Public Outreach

Cultures of Fermentation – A Wenner-Gren Symposium

From October 11 to 17, we will be at the ‘Cultures of Fermentation’ symposium in Sintra, Portugal. The event is funded by the Wenner-Gren Foundation and organized by Mark Aldenderfer (UC-Merced), Christina Warinner (Harvard University & MPI-SHH), Jessica Hendy (University of York), and Matthäus Rest (MPI-SHH).

Excerpt:

Fermentation is a practice in which complex communities of humans, animals, plants, fungi, and bacteria meet and thrive. It provides us with a unique vantage point to engage and connect with recent debates in anthropology, biology, and beyond. Today, many of these multi-species communities that have been fermenting together, often in an unbroken chain for hundreds of human generations (and millions of microbial generations), are under severe threat of loss. Many factors have contributed to this fermentation crisis, most importantly the increasing industrialization and standardization of farming and food processing. The global decline of small-scale agriculture results in the replacement of a multiplicity of local strains with a much less diverse set of industrially bred organisms.

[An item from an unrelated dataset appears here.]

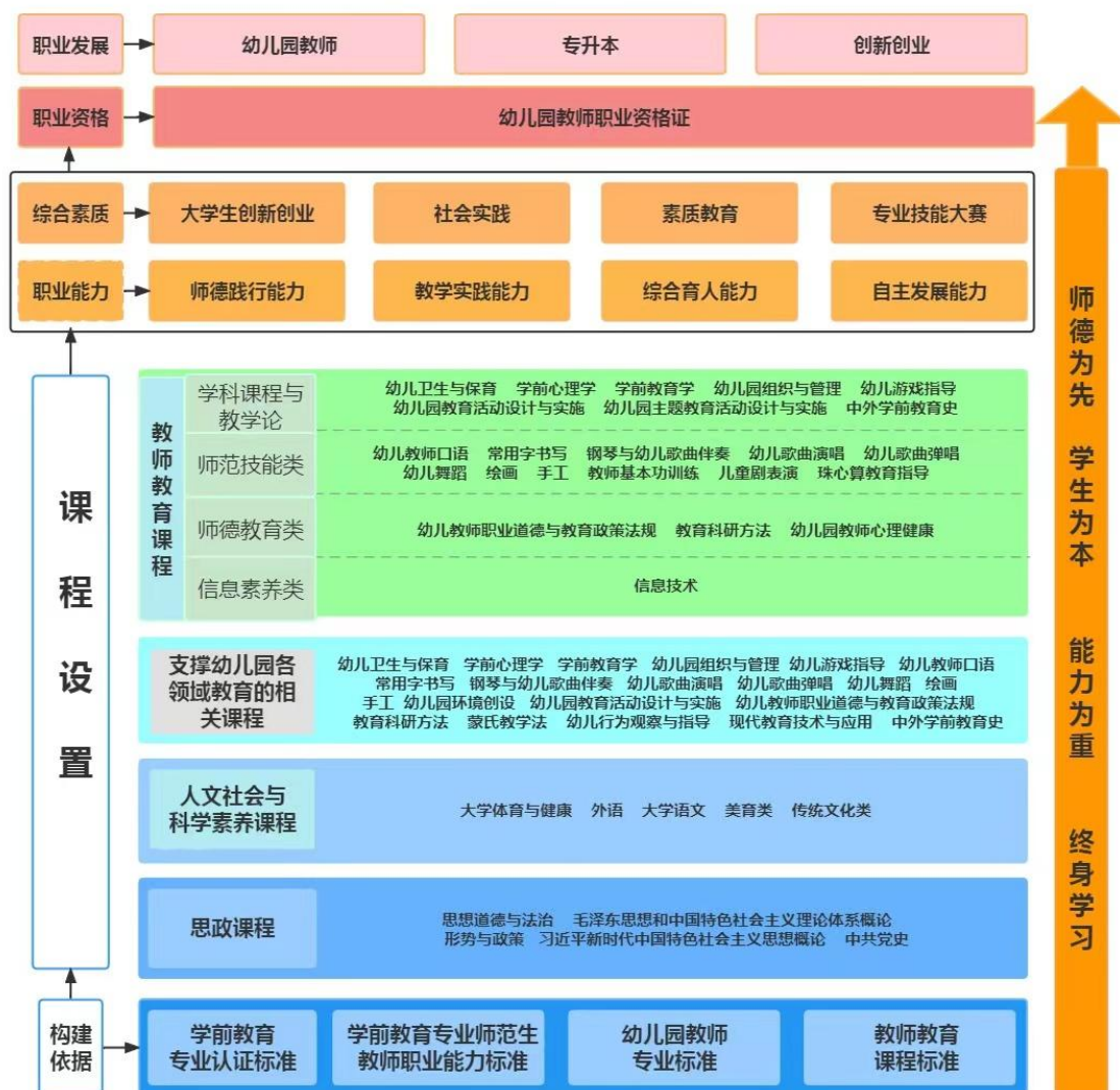
图2 学前教育专业课程体系构建图

教师教育课程，培养学生的保教能力、班级管理能力、教育科研能力；通过社会实践、社团活动、专业技能大赛、科技竞技比赛等提升学生的综合素质。“课岗证融合”培养学生师德践行、教学实践、综合育人、自主发展的职业能力。

But while there is a broad and diverse movement to save heirloom seeds and heritage livestock breeds, the impending loss of the microbial strains integral to small-scale fermentation is only starting to gain attention in academia and civil society. Popular interest in fermentation is growing dramatically, particularly in the context of microbreweries and artisanal cheese. Homemade fermented foods are increasingly considered healthy and hip, and they simultaneously serve to ground the fermenter in history and enable an expression of individuality. Fermentation is at the core of food traditions around the world, and the study of fermentation crosscuts the social and natural sciences. This symposium will foster interdisciplinary conversations integral to understanding human-microbial cultures. By bridging the fields of archaeology, cultural anthropology, biological anthropology, microbiology, and ecology, this symposium will cultivate an anthropology of fermentation.